WHAT NEEDS TO BE DONE: Range to copy from the entries below: the line containing "ROTHWELL Boîte à" through the line containing "The school’s monumental", inclusive. Retype only those lines, exactly, without any images.

DATA:
···

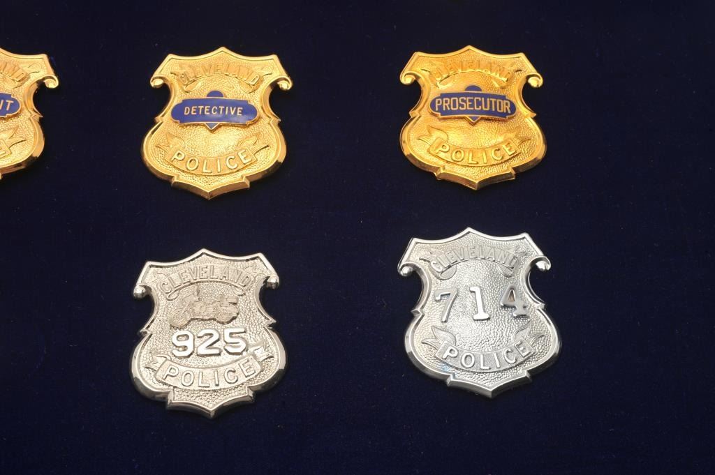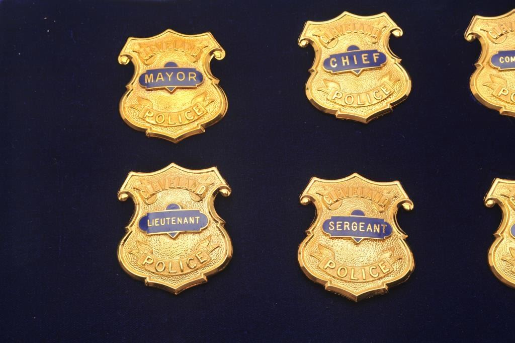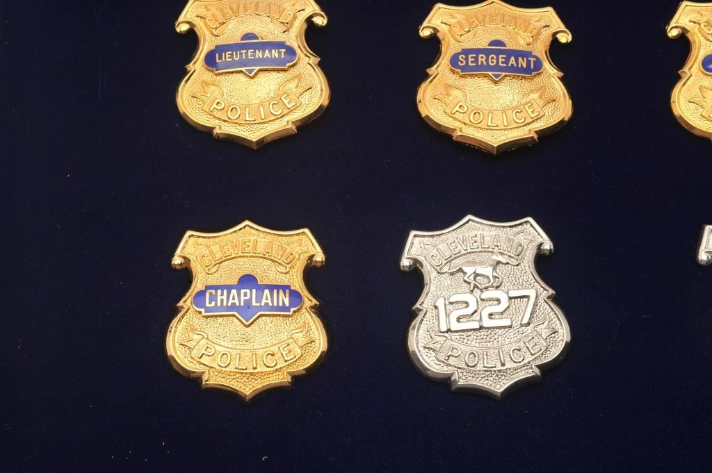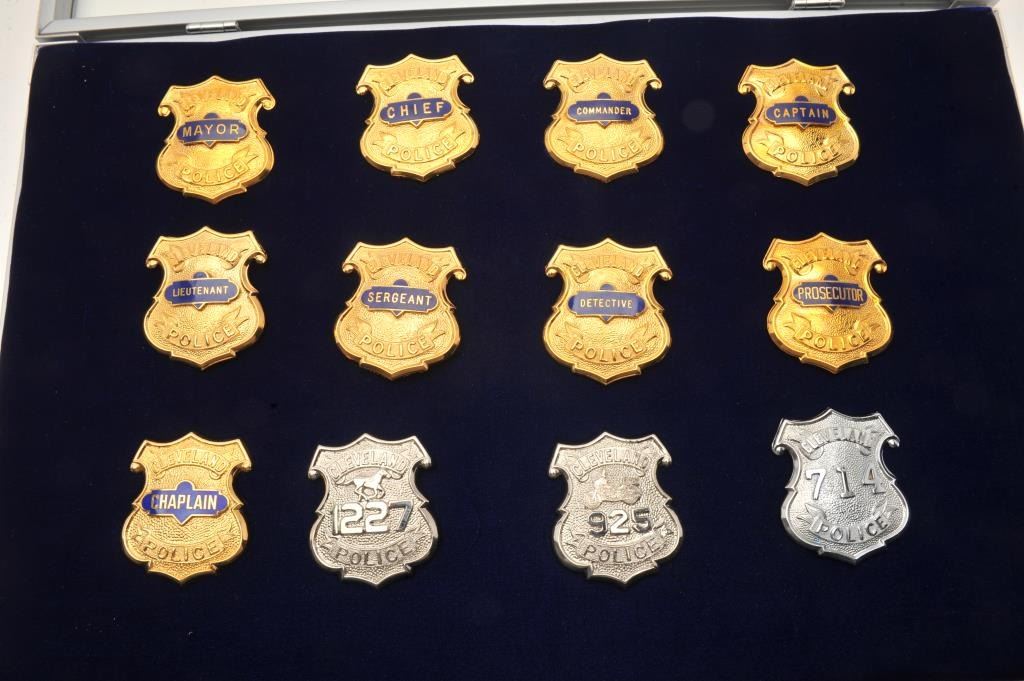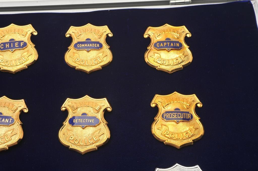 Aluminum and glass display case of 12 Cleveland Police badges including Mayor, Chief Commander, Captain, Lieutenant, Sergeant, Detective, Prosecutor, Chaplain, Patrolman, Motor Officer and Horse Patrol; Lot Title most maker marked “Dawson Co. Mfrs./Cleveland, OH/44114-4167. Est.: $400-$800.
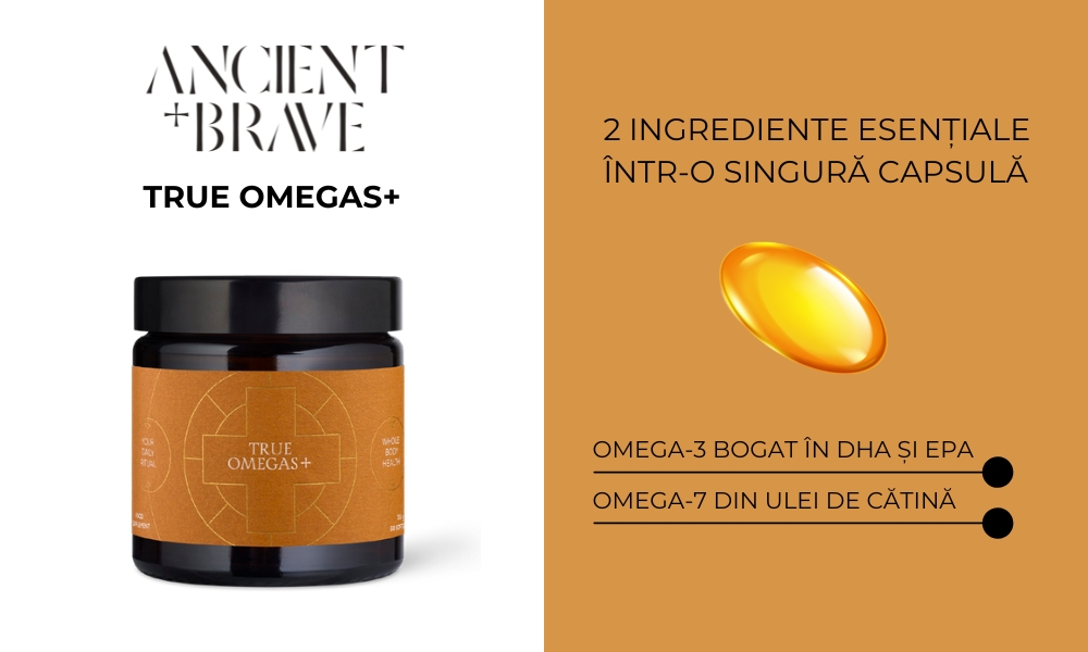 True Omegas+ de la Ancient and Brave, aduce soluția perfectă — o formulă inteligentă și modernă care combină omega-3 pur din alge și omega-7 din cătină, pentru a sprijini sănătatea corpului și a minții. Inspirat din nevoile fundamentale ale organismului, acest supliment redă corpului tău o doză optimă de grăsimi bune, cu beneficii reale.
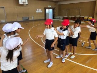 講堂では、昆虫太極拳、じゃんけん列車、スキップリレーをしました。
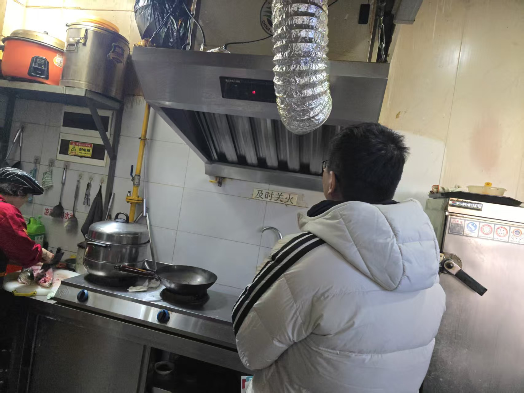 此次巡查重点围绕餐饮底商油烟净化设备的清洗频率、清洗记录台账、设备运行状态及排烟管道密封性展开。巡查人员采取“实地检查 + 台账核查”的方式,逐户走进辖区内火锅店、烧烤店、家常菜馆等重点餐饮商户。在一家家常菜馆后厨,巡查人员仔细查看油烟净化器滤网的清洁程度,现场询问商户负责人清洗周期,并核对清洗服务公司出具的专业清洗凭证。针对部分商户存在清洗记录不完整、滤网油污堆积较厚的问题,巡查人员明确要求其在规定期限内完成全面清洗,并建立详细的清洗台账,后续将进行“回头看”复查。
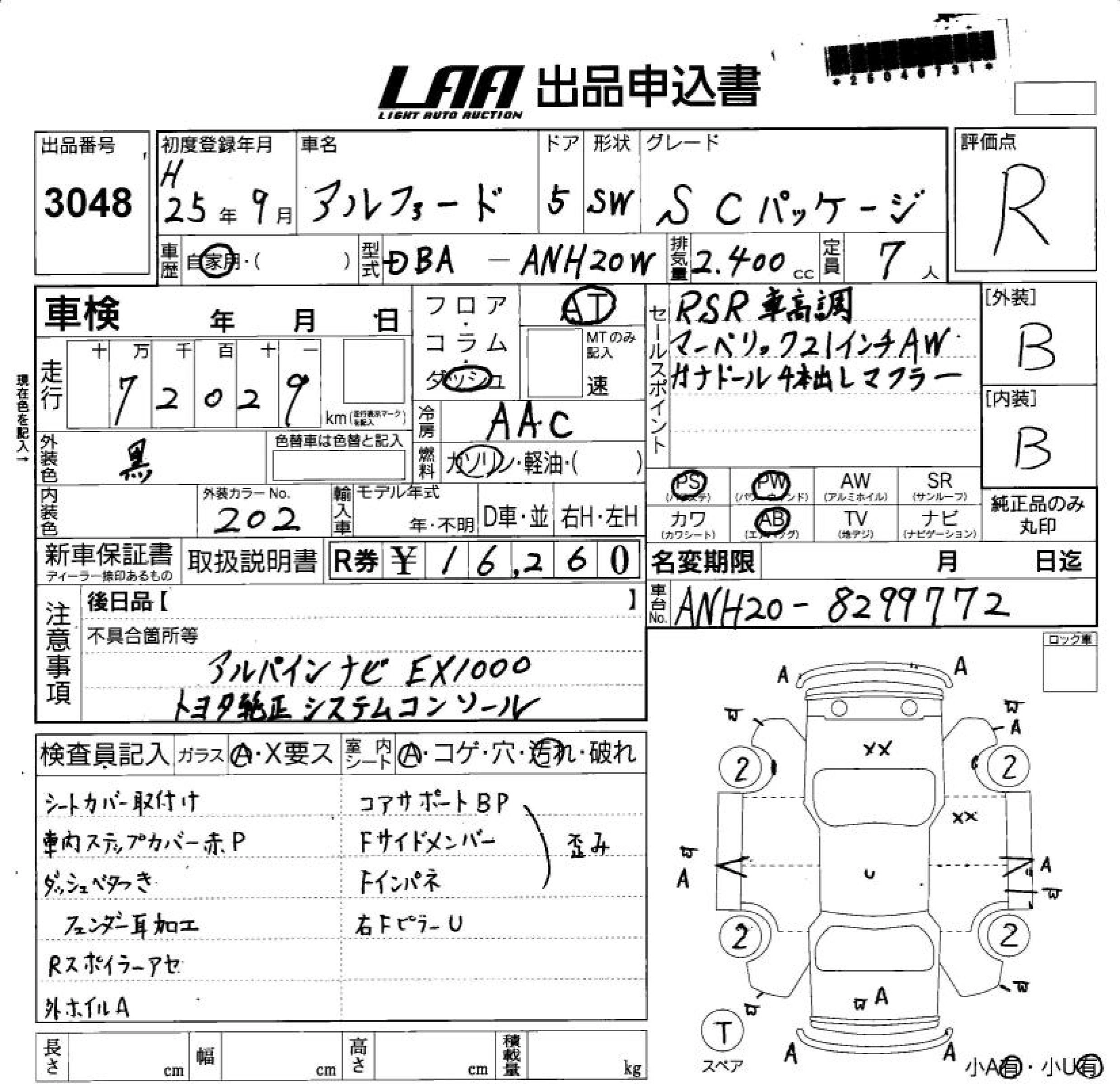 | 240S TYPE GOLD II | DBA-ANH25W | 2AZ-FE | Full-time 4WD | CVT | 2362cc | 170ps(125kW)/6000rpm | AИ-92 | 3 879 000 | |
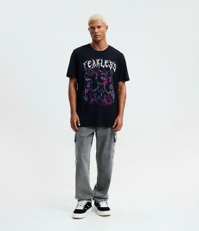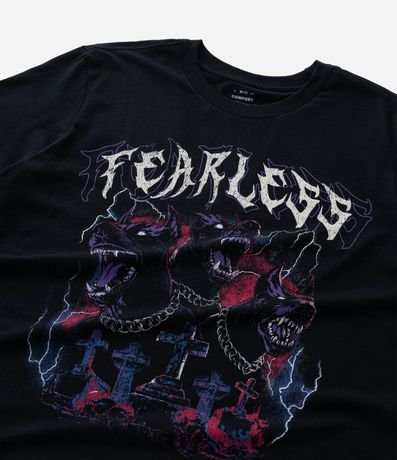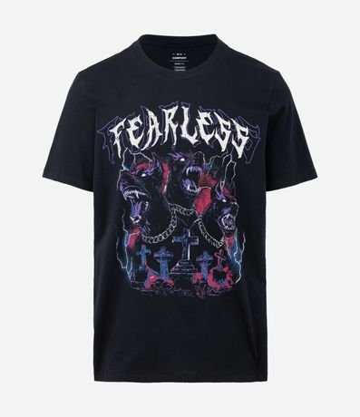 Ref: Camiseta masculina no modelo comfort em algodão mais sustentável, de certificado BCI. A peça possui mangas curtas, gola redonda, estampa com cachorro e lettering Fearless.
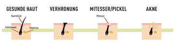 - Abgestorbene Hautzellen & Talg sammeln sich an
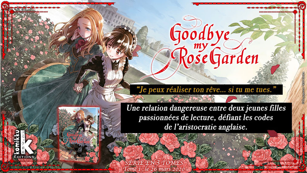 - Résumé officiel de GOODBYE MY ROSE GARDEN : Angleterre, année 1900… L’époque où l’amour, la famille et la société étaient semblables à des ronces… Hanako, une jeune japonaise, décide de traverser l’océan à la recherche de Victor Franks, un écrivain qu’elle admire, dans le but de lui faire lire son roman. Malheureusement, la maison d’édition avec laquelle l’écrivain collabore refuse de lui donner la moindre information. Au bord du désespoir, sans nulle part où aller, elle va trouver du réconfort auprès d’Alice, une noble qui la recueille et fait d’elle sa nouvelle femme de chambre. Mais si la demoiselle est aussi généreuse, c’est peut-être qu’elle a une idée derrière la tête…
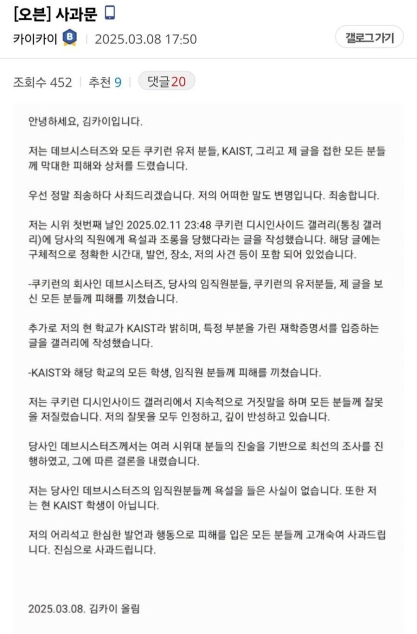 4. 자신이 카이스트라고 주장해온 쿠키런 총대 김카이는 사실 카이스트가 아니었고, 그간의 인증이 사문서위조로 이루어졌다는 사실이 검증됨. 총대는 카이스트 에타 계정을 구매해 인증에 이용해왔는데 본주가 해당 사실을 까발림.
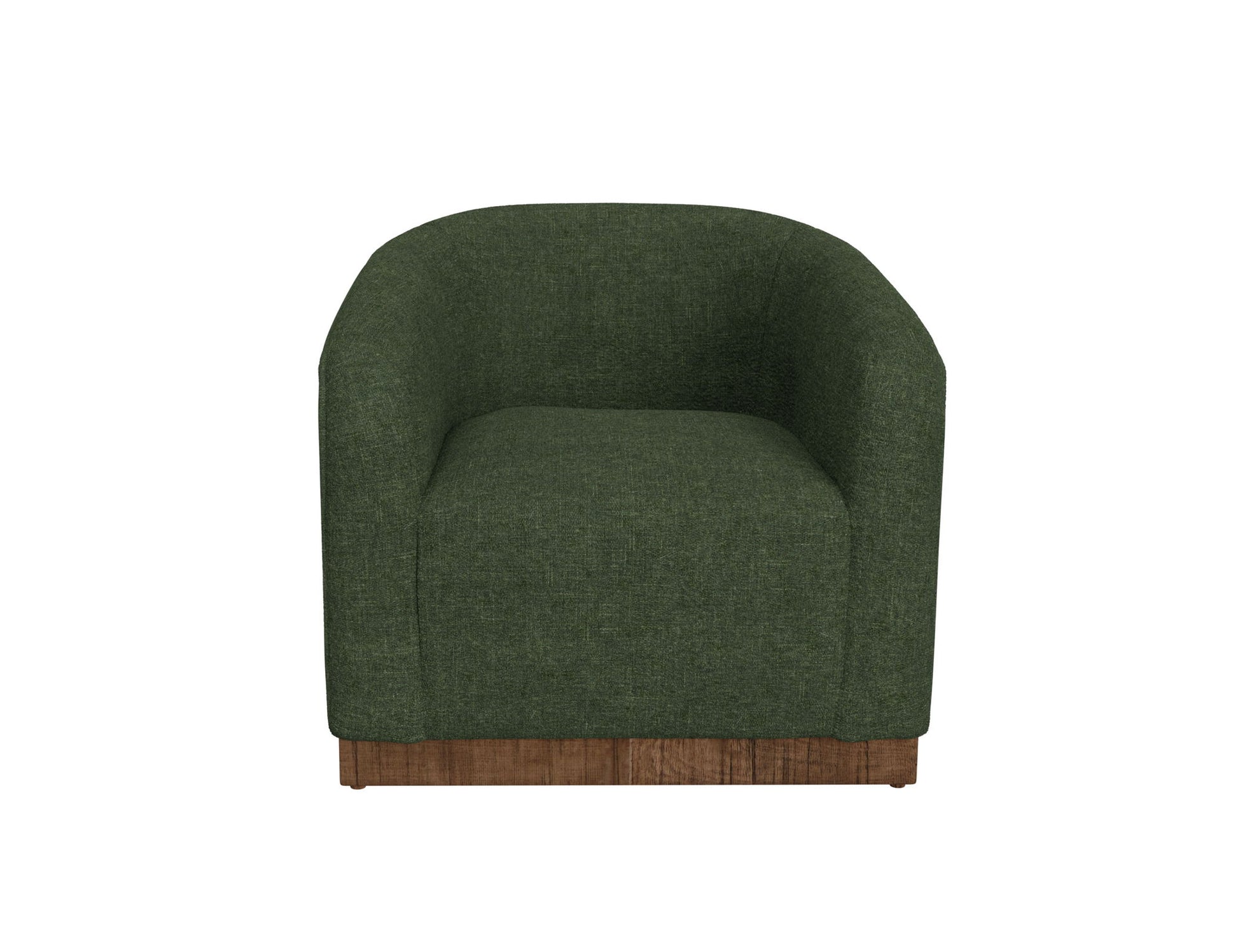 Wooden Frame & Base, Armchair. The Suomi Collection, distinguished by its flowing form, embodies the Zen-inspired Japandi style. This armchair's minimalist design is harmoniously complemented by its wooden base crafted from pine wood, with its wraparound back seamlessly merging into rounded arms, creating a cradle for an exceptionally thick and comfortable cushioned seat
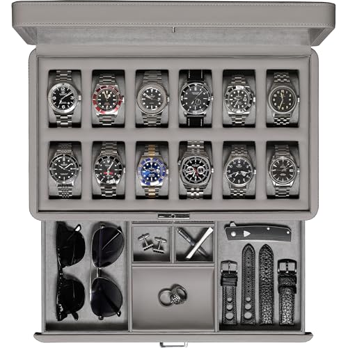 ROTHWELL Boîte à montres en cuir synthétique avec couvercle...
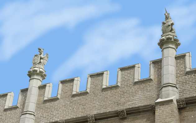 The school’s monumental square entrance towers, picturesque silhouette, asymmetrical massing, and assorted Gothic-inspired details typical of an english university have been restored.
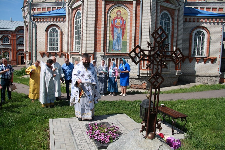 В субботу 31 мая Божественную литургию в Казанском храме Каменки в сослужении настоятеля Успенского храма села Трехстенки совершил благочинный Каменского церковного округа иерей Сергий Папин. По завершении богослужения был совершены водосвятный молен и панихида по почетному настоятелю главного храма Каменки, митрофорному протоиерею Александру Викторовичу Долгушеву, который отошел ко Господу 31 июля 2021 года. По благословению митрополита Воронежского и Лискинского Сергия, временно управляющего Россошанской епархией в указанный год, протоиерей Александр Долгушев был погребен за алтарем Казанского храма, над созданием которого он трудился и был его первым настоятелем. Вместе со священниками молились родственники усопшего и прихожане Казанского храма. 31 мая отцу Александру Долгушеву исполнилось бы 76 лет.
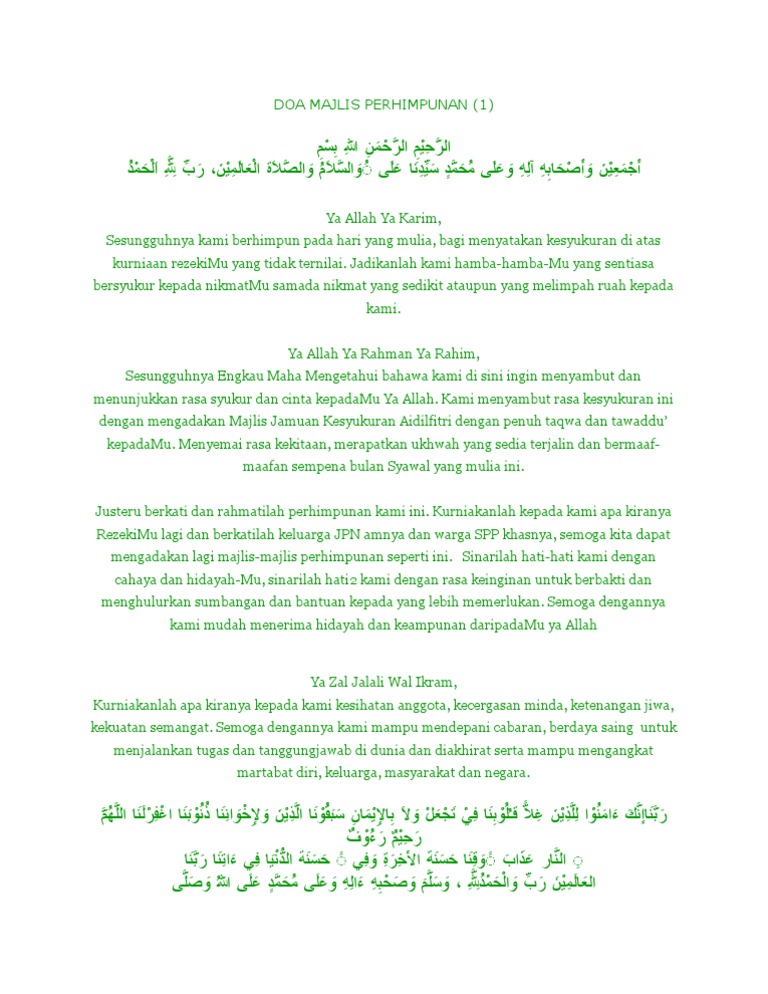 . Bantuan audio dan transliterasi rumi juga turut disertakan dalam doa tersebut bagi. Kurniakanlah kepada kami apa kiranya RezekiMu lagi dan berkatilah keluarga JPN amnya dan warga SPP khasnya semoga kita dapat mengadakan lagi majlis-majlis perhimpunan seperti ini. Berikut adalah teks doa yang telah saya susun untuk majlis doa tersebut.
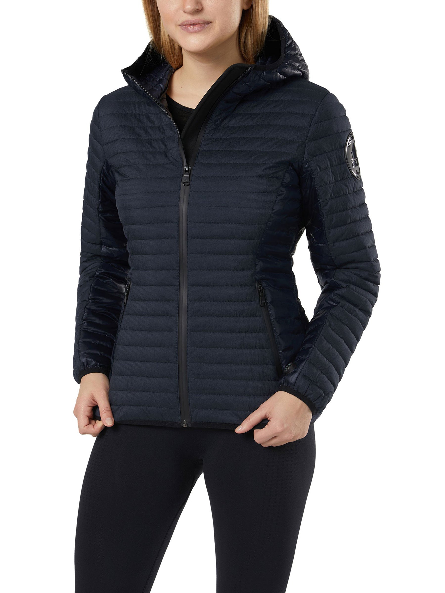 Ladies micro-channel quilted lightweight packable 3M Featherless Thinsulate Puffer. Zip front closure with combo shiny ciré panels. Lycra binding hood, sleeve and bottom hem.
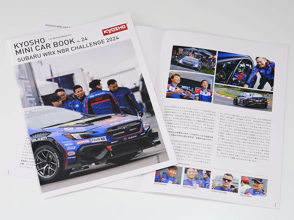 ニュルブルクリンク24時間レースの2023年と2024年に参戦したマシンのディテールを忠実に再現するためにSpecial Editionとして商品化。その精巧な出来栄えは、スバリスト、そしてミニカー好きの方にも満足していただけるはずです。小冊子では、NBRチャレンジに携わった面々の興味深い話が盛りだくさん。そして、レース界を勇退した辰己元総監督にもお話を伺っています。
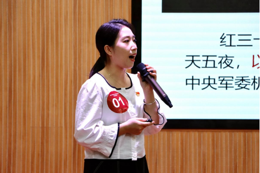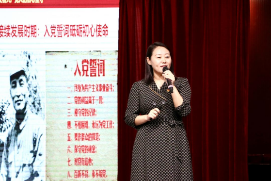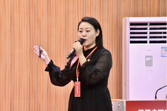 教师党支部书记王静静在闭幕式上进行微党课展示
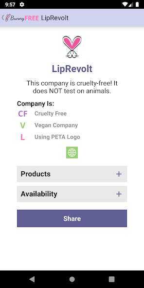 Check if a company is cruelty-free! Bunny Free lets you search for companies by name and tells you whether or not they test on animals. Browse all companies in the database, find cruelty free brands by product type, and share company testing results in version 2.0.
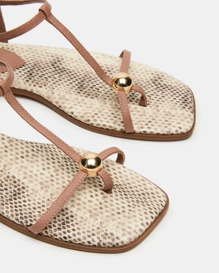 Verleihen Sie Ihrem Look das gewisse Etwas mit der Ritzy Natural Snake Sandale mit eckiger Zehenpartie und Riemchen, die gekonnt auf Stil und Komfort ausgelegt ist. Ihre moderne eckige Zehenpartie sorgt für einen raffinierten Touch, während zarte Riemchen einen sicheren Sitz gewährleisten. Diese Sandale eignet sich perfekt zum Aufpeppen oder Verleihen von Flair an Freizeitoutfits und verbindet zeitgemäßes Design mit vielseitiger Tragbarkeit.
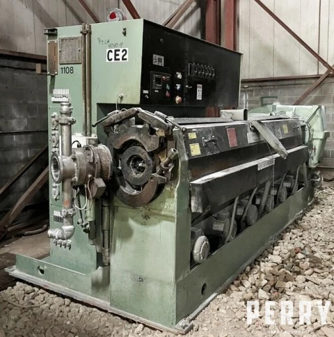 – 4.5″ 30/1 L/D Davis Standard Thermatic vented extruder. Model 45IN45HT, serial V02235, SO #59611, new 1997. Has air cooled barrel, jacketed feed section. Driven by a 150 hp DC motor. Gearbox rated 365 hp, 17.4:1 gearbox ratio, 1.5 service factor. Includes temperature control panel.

···

TASK ANSWER:
 ROTHWELL Boîte à montres en cuir synthétique avec couvercle...
 The school’s monumental square entrance towers, picturesque silhouette, asymmetrical massing, and assorted Gothic-inspired details typical of an english university have been restored.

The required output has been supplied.